- Born: 31 January 1870 Penge, Surrey, England
- Died: 5 May 1919 (aged 49) Manchester, Lancashire, England
- Education: University of London, B.Sc. M.D.
- Occupation: Criminologist
- Notable work: The English Convict: a statistical study
- Awards: Weldon Memorial Prize (1914)

= Charles Buckman Goring =

British criminologist (1870–1919)

Charles Buckman Goring (1870–1919) was a pioneer in criminology and author of the influential work The English Convict: a statistical study.

==Life==
He married Katie Winifred Macdonald, a pianist and suffragette, in Paris in 1905. They had two sons, Charles Donald Austin Goring (known as Donald) who died in a motor vehicle accident in Yemen in 1936 and Marius Goring, the stage and screen actor.

He died on 5 May 1919 at his home in Cheetham Hill, Manchester from influenza. He was the Chief Medical Officer at HM Prison Manchester (Strangeways) at the time of his death.

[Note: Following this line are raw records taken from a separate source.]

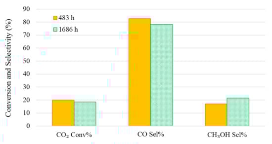 Cu-based catalyst stability testing. Reaction conditions: temperature 260 °C, pressure 20 bar (gauge), flow rate 60 mL (NTP)/(min·gcat) and feed gas H2/CO2/N2 = 67.6%/22.6%/9.8%.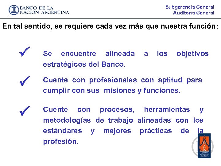 Subgerencia General Auditoría General En tal sentido, se requiere cada vez más que nuestra función: P Se encuentre alineada a los objetivos estratégicos del Banco. P Cuente con profesionales con aptitud para cumplir con sus misiones y funciones. P Cuente con procesos, herramientas y metodologías de trabajo alineadas con los estándares y mejores prácticas de la profesión.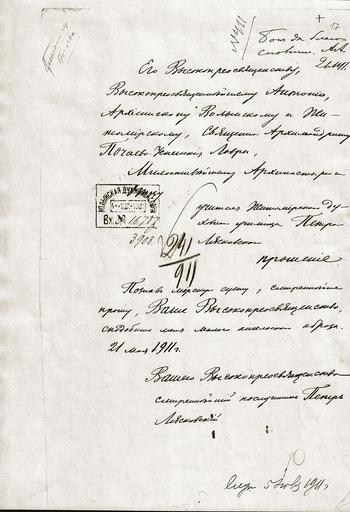| Keywords: Прошение Петра Лясковского.jpg ru п ошение Пет а Лясковского о монашеством пост иге « 411 Его Высокоп еосвященству П еосвященнейшему Антонию а хиепископу Волынскому и Житоми скому Священноа химанд иту Почаево-Успенской Лав ы илостивейшему а хипасты ю учителя Житоми ского духовного училища Пет а Лясковского П ошение Познав ми скую суету сми еннейше п ошу Ваше Высокоп еосвященство сподобить меня малого ангельского об аза 21 мая 1911 года Вашего Высокоп еосвященства сми еннейший послушник Пет Лясковский» 1907 http //www pravoslavie ru/89894 html не указано other versions Custom license marker 2016 04 25 PD-old Pamphil Lyaskovsky |

He was highly regarded among those who knew him. His colleague Karl Pearson once said: "The creative mind has the potentiality of poet, artist and scientist within its grasp, and Goring's friends were never very certain in which category to place him."

==The English Convict==
Goring's crowning achievement was The English Convict: A Statistical Study, one of the most comprehensive criminological works of its time. It was first published in 1913, and set out to establish whether there were any significant physical or mental abnormalities among the criminal classes that set them apart from ordinary men, as suggested by Cesare Lombroso. Under the sponsorship of the British government, Goring, assisted by other prison medical officers, as well as Karl Pearson and his staff at the Biometrics Laboratory, collected and analysed data bearing upon 96 traits of each of over 3,000 English convicts. He ultimately concluded that "the physical and mental constitution of both criminal and law-abiding persons, of the same age, stature, class, and intelligence, are identical. There is no such thing as an anthropological criminal type."

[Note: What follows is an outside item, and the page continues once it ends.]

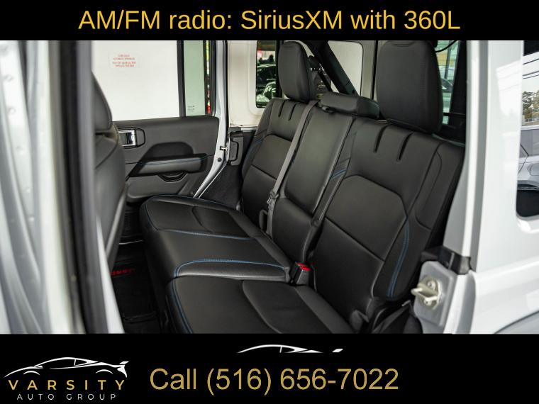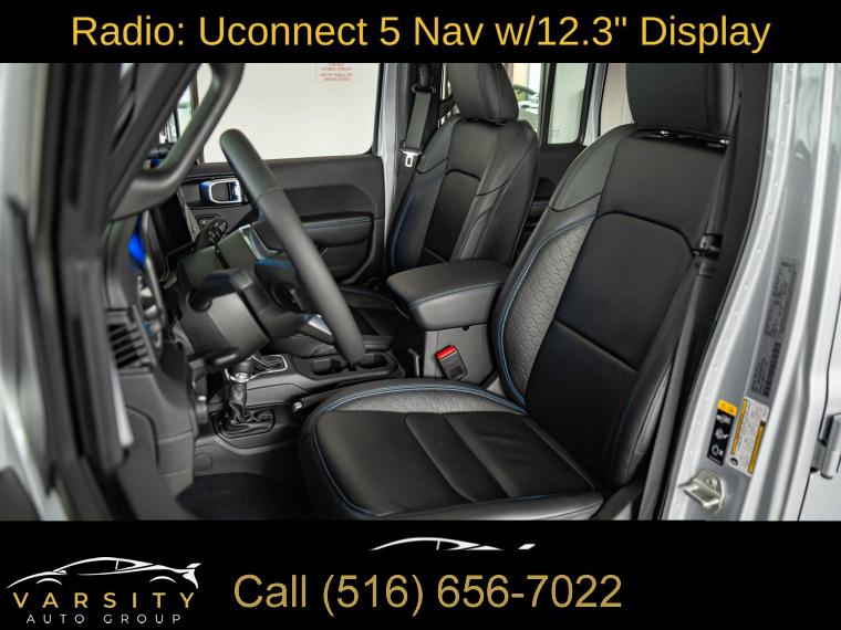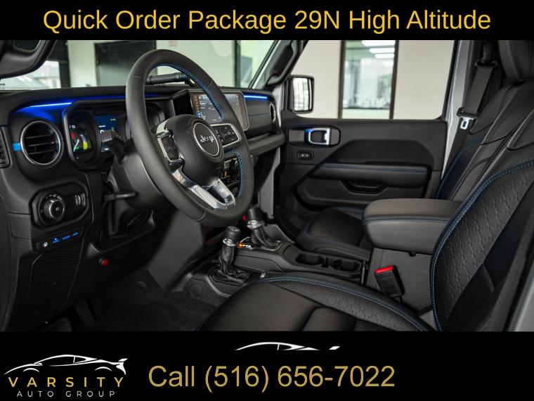 Navigation System, Quick Order Package 29N High Altitude, Convertible HardTop, 9 Speakers, AM/FM radio: SiriusXM with 360L, Radio data system, Radio: Uconnect 5 Nav w/12.3" Display, Air Conditioning, Automatic temperature control, Front dual zone A/C, Rear window defroster, Power driver seat, Power steering, Power windows, Remote keyless entry, Steering wheel mounted audio controls, Sport Suspension, Traction control, 4-Wheel Disc Brakes, ABS brakes, Dual front impact airbags, Dual front side impact airbags, Emergency communication system: Jeep Connect, Front anti-roll bar, Integrated roll-over protection, Low tire pressure warning, Occupant sensing airbag, Overhead airbag, Rear anti-roll bar, Sky 1-Touch Power Top, Brake assist, Electronic Stability Control, ParkView Rear Back-Up Camera, Auto High-beam Headlights, Delay-off headlights, Front fog lights, Fully automatic headlights, Panic alarm, Security system, Speed control, Bumpers: body-color, Front License Plate Bracket, Heated door mirrors, Power door mirrors, Turn signal indicator mirrors, Apple CarPlay/Android Auto, Auto-dimming Rear-View mirror, Compass, Driver door bin, Driver vanity mirror, Front reading lights, Garage door transmitter, Heated steering wheel, Illuminated entry, Leather Shift Knob, Nappa Leather Seats, Outside temperature display, Passenger vanity mirror, Rear reading lights, Rear seat center armrest, Tachometer, Telescoping steering wheel, Tilt steering wheel, Trip computer, Voltmeter, Front Bucket Seats, Heated front seats, Power passenger seat, Split folding rear seat, Front Center Armrest w/Storage, Passenger door bin, Alloy wheels, Wheels: 20" x 8" Machined/Painted Gray, Glass rear window, Rear window wiper, Variably intermittent wipers, 3.73 Rear Axle Ratio, The Price you See, is the Price You Pay!!!, 2024 Jeep Wrangler High Altitude 4xe, Silver Zynith Clearcoat, Black w/Nappa Leather Seats, Clean CARFAX

He did, however, assert that it is an "indisputable fact that there is a physical, mental, and moral type of normal person who tends to be convicted of crime: that is to say, our evidence conclusively shows that, on average, the criminal of English prisons is markedly differentiated by defective physique - as measured by stature and body weight, by defective mental capacity". Goring went on to argue that one of the three measures in which to combat crime was to "regulate the reproduction of those degrees of constitutional qualities - feeble-minded, inebriety, epilepsy, social instinct, etc".